For every book or album purchased because of a personal recommendation, how many were bought after simply browsing the stacks, reading a review, or seeing an advertisement?

HIV/AIDS, like many other contagious diseases, exemplifies the common view of so-called viral propagation, growing from a few initial cases to millions through close person-to-person interactions. (Ironically, not all viruses in fact exhibit “viral” transmission patterns. For example, Hepatitis A often spreads through contaminated drinking water.[1]) By analogy to such biological epidemics, the diffusion of products and ideas is conventionally assumed to occur “virally” as well, as evidenced by prevailing theoretical frameworks (e.g., the cascade and threshold models) and an obsession in the marketing world for all things social. The view of adoption as a contagious process is quite appealing. We have all, for example, solicited our friends for book and music recommendations, affirming the role of social ties in product purchases. For every book or album purchased because of a personal recommendation, however, how many were bought after simply browsing the stacks, reading a review, or seeing an advertisement? Despite hundreds of papers written about diffusion, there is surprisingly little work addressing this fundamental empirical question.

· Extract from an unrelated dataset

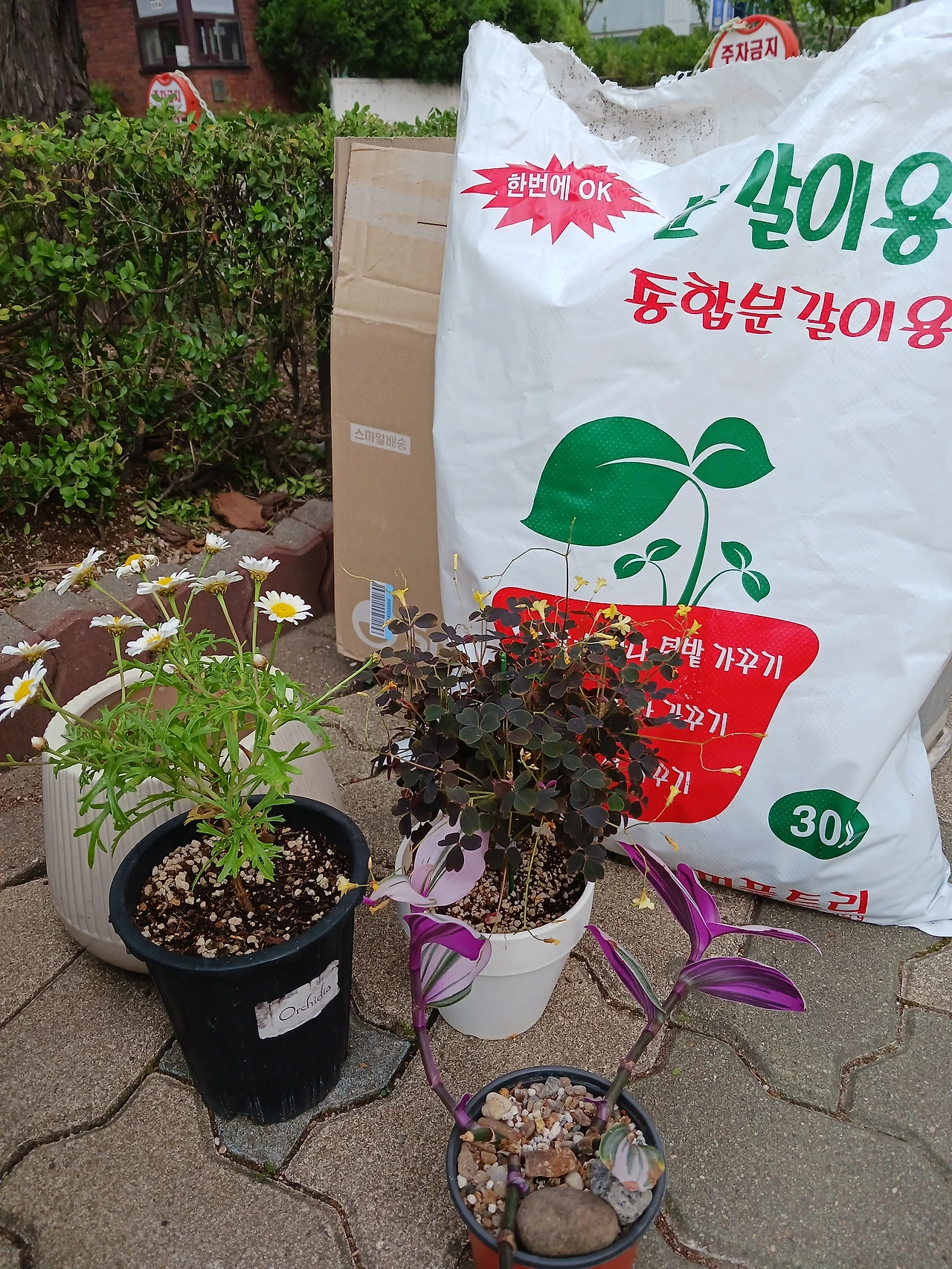 분갈이용 흙을 당근에서 사고, 화분은 아파트 화단에 버려진 걸 재활용해서 분갈이~ 꽃 위주로 역시 당근에서 샀고 집에서 관리해 별 문제가 없다고 생각했더니 의외로 화분이 플라스틱에, 토심이 얇다보니 빨리 토양이 건조해져 시드는 경향이 있어 토심을 깊게하기 위해 분갈이 시도~

In a recent study, Duncan Watts, Dan Goldstein, and I examined the adoption patterns of several different types of products diffusing over various online platforms — including Twitter, Facebook, and the Yahoo! IM network — comprising millions of individual adopters.[2] The figure below shows the structure and frequency of the five most commonly seen diffusion trees in each case. In all six domains the dominant diffusion event, accounting for between 70% to 95% of cascades, is the trivial one: an individual adopts the product in question and doesn’t convert any of their contacts. The next most common event, again in all six domains, is an independent adopter who attracts a single additional adopter. In fact, across domains only 1%-4% of diffusion trees extend beyond one degree.

Most frequently occurring diffusion trees in each domain

The vast majority of adoptions occur either without peer-to-peer influence or within one step of an independent adopter.

At this point you might wonder about the relatively rare trees not depicted above. What if, for example, one out of every thousand independent adopters spawned ginormous viral cascades? In that case, while it would still be true that most trees are duds, most adoptions would be part of a viral component. In such a world, the usual theoretical models of diffusion would be reasonably accurate. Alas, the world is not so. We find that across the six domains only 1%-6% of adoptions take place more than one degree from a seed node, meaning that the vast majority of adoptions occur either without peer-to-peer influence or within one step of such an independent adopter. Put another way, the cascade structures above account not only for most trees, but also for most adoptions.

In all the examples we study, diffusion seems remarkably un-viral, rarely spreading far from an independent adopter. Our results thus call into question the dominant, epidemic-like models of diffusion, and also the value of viral marketing campaigns. On a positive note, this observation makes life a lot easier. Instead of needing to describe, predict, or trigger a complicated viral process, one can focus on the much easier case of adoptions that spread at most one hop before terminating. It turns out that diffusion is not nearly as messy as you might think.

For more details, see our paper.

Bonus Puzzle

You have 27 vats of your new prototype, X-treme Water, exactly one of which is contaminated with the rare Hepatitis Q virus that kills you within a day. Fortunately, you also have 3 expendable marketing executives who managed your last viral advertising campaign. Find the contaminated vat in 2 days. (With m marketing executives and d days, how many vats can you handle?)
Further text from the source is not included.